Below are some example light curves for specific $AR(p)$ processes. In the first example, $AR(0)$, the light curve is simply responding to noise fluctuations. In the second example, $AR(1)$, the noise fluctuation responses are persisting for slightly longer as the next time step depends positively on the time before. For the 3rd example, nearly the full effect of the noise spike from the previous time step is applied again, giving particularly long and high chains of peaks and valleys. In the 4th example, $AR(2)$, we have long, but low chains of peaks and valleys as a spike persists for an extra time step. Finally, in the 5th example, the response of a spike in the second time step has the opposite sign as for the first time step, and both have large coefficients, so the peaks and valleys are both quite high and quite narrowly separated.

A moving average (MA) process is similar in some ways to an AR process, but is different in other ways. It is defined as

$$y_i = \epsilon_i + \sum_{j=1}^qb_j\epsilon_{i-j}.$$

So, for example, an MA(q=1) process would look like $$y_i = \epsilon_{i} + b_1\epsilon_{i-1},$$

whereas an AR(p=2) process would look like

$$y_i = a_1y_{i-1} + a_2y_{i-2} + \epsilon_i$$

Thus the $MA$ process is similar to an $AR$ process in that the next time step depends on the previous time step, but they are different in terms of how they respond to a shock. In an $MA$ process a shock affects only the current value and $q$ values into the future. In an $AR$ process a shock affects all future values.

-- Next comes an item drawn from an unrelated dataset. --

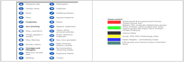 Die folgende Karte zeigt die verschiedenen internationalen Akteure und deren militärische Interessenschwerpunkte in Syrien:
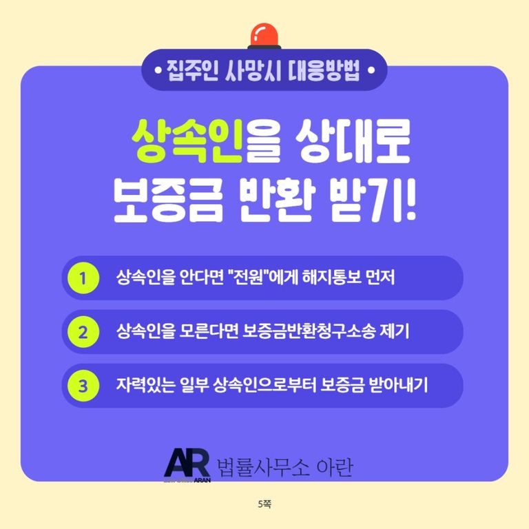 결과적으로 상속인에게 보증금 전액을 받아낼 수야 있겠으나, 애당초 집주인이 사망하지 않았더라면 겪지 않았어도 될 경험을 하고, 소송 과정에서 큰 스트레스를 받기 때문에 임대차기간 중 사망할 가능성이 높은 집주인과는 처음부터 계약을 체결하지 않는 것이 최선입니다.

Below is some code and a plot that illustrates this.


In [ ]:
%matplotlib inline
import numpy as np
from matplotlib import pyplot as plt
from matplotlib.ticker import MultipleLocator

N=10

#epsilon = np.array([0,0,0,1,0,0,0,0,0,0,0,0])
epsilon = np.zeros(N+2)
epsilon[3] = 1
yAR=np.zeros(N+2)
yMA=np.zeros(N+2)
yARMA=np.zeros(N+2)

for i in np.arange(N)+2:
    # Complete using the coefficients given in the legend text below
    yAR[i] = 
    yMA[i] = 
    yARMA[i] = 
    #print i, yAR[i], yMA[i]

fig = plt.figure(figsize=(6, 6))
t = np.arange(len(yAR))
plt.plot(t,yAR,label="AR(2), a_1=0.5, a_2=0.5")
plt.plot(t,yMA,label="MA(2), b_1=0.5, b_2=0.5")
plt.plot(t,yARMA,label="ARMA(2,1), a_1=0.5, a_2=0.25, b_1=0.5",zorder=0)
plt.xlabel("t")
plt.ylabel("y")
plt.legend(loc="upper right",prop={'size':8})
plt.ylim([0,1.1])
ax = plt.axes()
ax.xaxis.set_major_locator(plt.MultipleLocator(1.0))

plt.show()

Note that I also included an ARMA(2,1) model, which combines AR(2) and MA(1): $$y_i = a_1y_{i-1} + a_2y_{i-2} + \epsilon_i + b_1 \epsilon_{i-1}.$$

I found these videos particularly helpful in trying to understand these processes.

MA(1)

AR(1)

ARMA(1,1)

CARMA Models

$AR$ and $ARMA$ models assume evenly sampled time-series data. However, we can extend this to unevenly sampled data with $CAR$ or $CARMA$ processes, where the $C$ stands for continuous.

A $CAR(1)$ process is described by a stochastic differential equation which includes a damping term that pushes $y(t)$ back towards the mean, so it is also a damped random walk (DRW). For evenly sampled data a CAR(1) process is the same as an AR(1) process with $a_1=\exp(-1/\tau)$. That is, the next value is the previous value times the damping factor (plus noise).

The ACF for a DRW is given by $$ ACF(t) = \exp(-t/\tau),$$ where $\tau$ is the characteristic timescale (i.e., the damping timescale).

The structure function can be written as $$ SF(t) = SF_{\infty}[1-\exp(-t/\tau)]^{1/2}.$$

The PSD is then $$ PSD(f) = \frac{\tau^2 SF_{\infty}^2}{1+(2\pi f \tau)^2},$$ which means that a DRW is a $1/f^2$ process at high frequency. The damped part comes from the flat PSD at low frequency.

The ACF example above was an example of a DRW: the light curve is strongly correlated a short timescales, but uncorrelated at long timescales.

Regression and Classification

Regression and Classification for these stochastic models is just the same as before. With our model and model parameters, we can predict future values via regression, or look for similarities/differences as a function of the model parameters via clustering (unsupervised) or classification (supervised). Similarly, we can apply dimensionality reduction techniques to help visualize results from high-dimensional models.